Henry Coutts was one of four colonial soldiers to receive a woollen scarf knitted by Queen Victoria in recognition of an act of gallantry. Born on 14 November 1866 at Coutts Island in Canterbury, he farmed at Ngaere in Taranaki before joining No. 1 Company of the First Contingent. While in South Africa he was promoted to Lance Corporal.
At Koornspruit on 31 March 1900, Coutts risked his own life to rescue a wounded non-commissioned officer of the Burmese Mounted Infantry. Although the officer died after being brought to the aid station, Coutts was awarded one of the Queen’s Scarves. Under the orders of King Edward VII, this award was later accompanied by a gold star and clasp.

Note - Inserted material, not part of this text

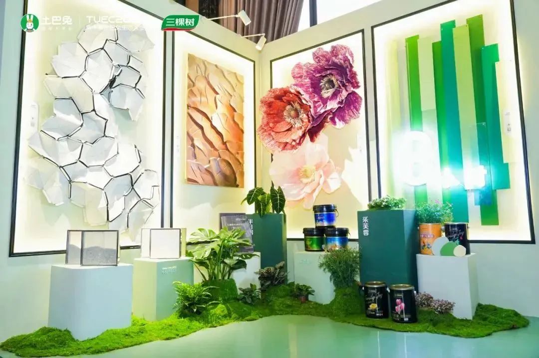 與此同時,以“國漆國色”打造夢幻色彩,三棵樹《墻面藝術廊》于大會品牌展示區(qū)特別展出,傳承東方之美,運用內(nèi)墻涂料、藝術漆、小森板、外墻涂料構筑“春”“夏”“秋”“冬”四季藝術空間,讓現(xiàn)場觀眾沉浸式感受產(chǎn)品藝術氛圍和色彩美學,與藝術對話,引領美好生活需求再次革命。
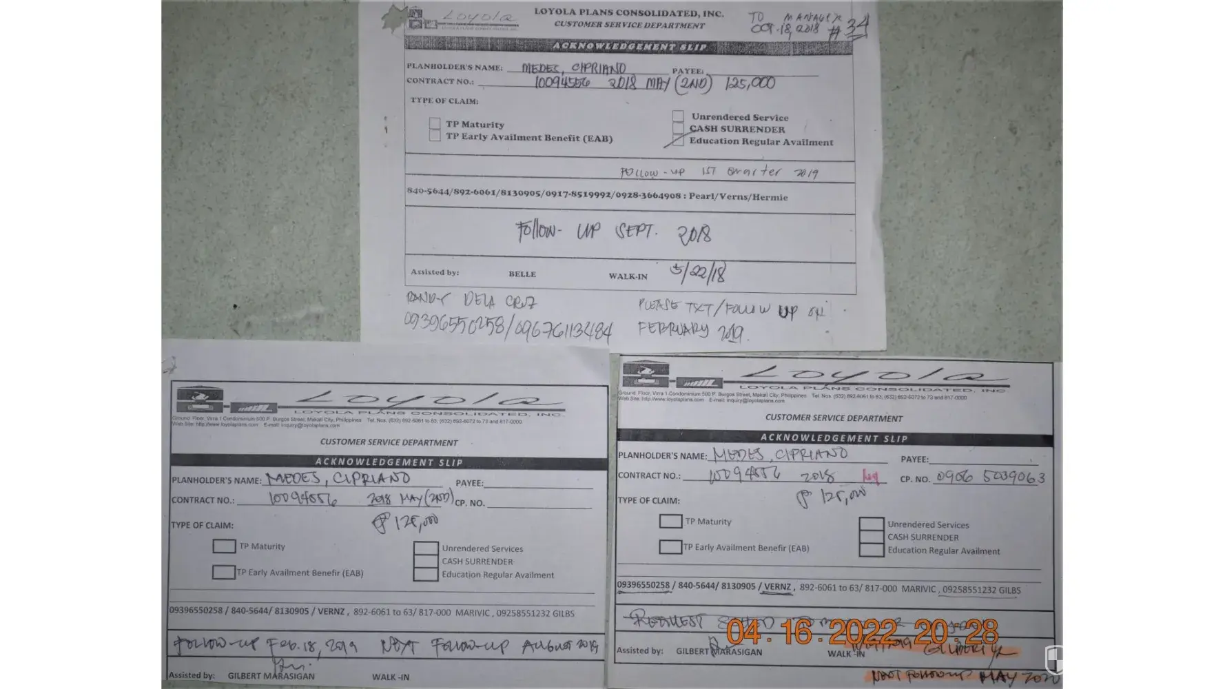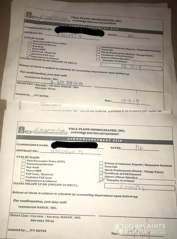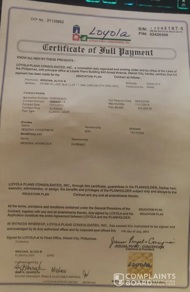 She still has pending claims from Loyola amounting to 225,000 pesos, she was supposed to get 75,000 pesos each year from 2015 to 2018. Since she was able to claim one time on 2015, she still has pending claims for 2016, 2017 and 2018 each amounting 75,000 pesos that we still weren't able to claim. My mother followed up couple of times and even went on their office in Poblacion, Makati to follow up on the payment. But same response was given, Loyola is still in bankruptcy and is still selling properties as of the moment. This is purely unfair and not a valid excuse because we really struggled with money, my mother paid for my education plan rightly. I had to stop my education since we do not have the money that was supposed to be for my tuition. And because of that I am still an undergraduate, I had big dreams ever since I was in high-school and now I am planning to go back to school but we wanted to resolve and get the pending claims from my education plan in order to proceed.

Upon returning to New Zealand, Coutts enlisted once more as a Captain and Quartermaster in the Seventh Contingent. After the war he served as a Captain in the New Zealand Militia and worked as a government valuer. Despite his age he served during the First World War in Britain with the Auckland-Wellington Infantry Training Regiment as Lance Corporal (Acting Sergeant).
Coutts presented his scarf to the New Zealand government in 1913. It was displayed in the General Assembly Library for many years before being gifted to the National Army Museum in the 1980s.
After his military career Coutts continued to farm in the Taranaki region. He died in Wellington in 1944 and was buried in Auckland’s Waikumete Cemetery.